Stored records
'''

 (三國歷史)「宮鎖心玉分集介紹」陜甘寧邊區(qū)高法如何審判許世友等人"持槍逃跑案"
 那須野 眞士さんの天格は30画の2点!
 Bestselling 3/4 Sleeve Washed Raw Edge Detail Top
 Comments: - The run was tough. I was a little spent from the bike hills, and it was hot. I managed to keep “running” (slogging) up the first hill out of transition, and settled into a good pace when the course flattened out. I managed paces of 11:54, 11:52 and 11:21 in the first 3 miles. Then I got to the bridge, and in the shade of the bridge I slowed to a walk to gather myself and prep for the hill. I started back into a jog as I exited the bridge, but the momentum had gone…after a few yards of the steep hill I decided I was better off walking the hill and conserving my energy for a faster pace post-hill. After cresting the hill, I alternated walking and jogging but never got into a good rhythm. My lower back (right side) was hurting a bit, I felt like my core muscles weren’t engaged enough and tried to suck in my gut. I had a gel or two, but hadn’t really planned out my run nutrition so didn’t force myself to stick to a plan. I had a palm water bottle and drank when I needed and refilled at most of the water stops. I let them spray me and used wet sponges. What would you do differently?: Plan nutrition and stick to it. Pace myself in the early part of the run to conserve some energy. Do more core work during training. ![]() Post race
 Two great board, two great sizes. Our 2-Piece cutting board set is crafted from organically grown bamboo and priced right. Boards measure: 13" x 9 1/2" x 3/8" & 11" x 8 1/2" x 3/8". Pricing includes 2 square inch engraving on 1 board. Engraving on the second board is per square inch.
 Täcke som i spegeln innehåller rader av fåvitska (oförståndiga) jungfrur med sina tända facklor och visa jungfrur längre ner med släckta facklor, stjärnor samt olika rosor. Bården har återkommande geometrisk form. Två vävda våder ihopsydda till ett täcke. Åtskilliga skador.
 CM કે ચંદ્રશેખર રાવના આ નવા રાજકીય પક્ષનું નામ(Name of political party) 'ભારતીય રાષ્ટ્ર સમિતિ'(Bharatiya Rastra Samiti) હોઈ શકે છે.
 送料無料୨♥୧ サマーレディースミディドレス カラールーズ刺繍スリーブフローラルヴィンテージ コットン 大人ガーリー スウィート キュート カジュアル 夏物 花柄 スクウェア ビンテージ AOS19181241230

'''

* _WHAT IS BEING ASKED_: Taking the entries above, write out exactly each line from the one holding "Comments: - The" to the one holding "Täcke som i", both included, and stop there.

* _SOLUTION_:
 Comments: - The run was tough. I was a little spent from the bike hills, and it was hot. I managed to keep “running” (slogging) up the first hill out of transition, and settled into a good pace when the course flattened out. I managed paces of 11:54, 11:52 and 11:21 in the first 3 miles. Then I got to the bridge, and in the shade of the bridge I slowed to a walk to gather myself and prep for the hill. I started back into a jog as I exited the bridge, but the momentum had gone…after a few yards of the steep hill I decided I was better off walking the hill and conserving my energy for a faster pace post-hill. After cresting the hill, I alternated walking and jogging but never got into a good rhythm. My lower back (right side) was hurting a bit, I felt like my core muscles weren’t engaged enough and tried to suck in my gut. I had a gel or two, but hadn’t really planned out my run nutrition so didn’t force myself to stick to a plan. I had a palm water bottle and drank when I needed and refilled at most of the water stops. I let them spray me and used wet sponges. What would you do differently?: Plan nutrition and stick to it. Pace myself in the early part of the run to conserve some energy. Do more core work during training. ![]() Post race
 Two great board, two great sizes. Our 2-Piece cutting board set is crafted from organically grown bamboo and priced right. Boards measure: 13" x 9 1/2" x 3/8" & 11" x 8 1/2" x 3/8". Pricing includes 2 square inch engraving on 1 board. Engraving on the second board is per square inch.
 Täcke som i spegeln innehåller rader av fåvitska (oförståndiga) jungfrur med sina tända facklor och visa jungfrur längre ner med släckta facklor, stjärnor samt olika rosor. Bården har återkommande geometrisk form. Två vävda våder ihopsydda till ett täcke. Åtskilliga skador.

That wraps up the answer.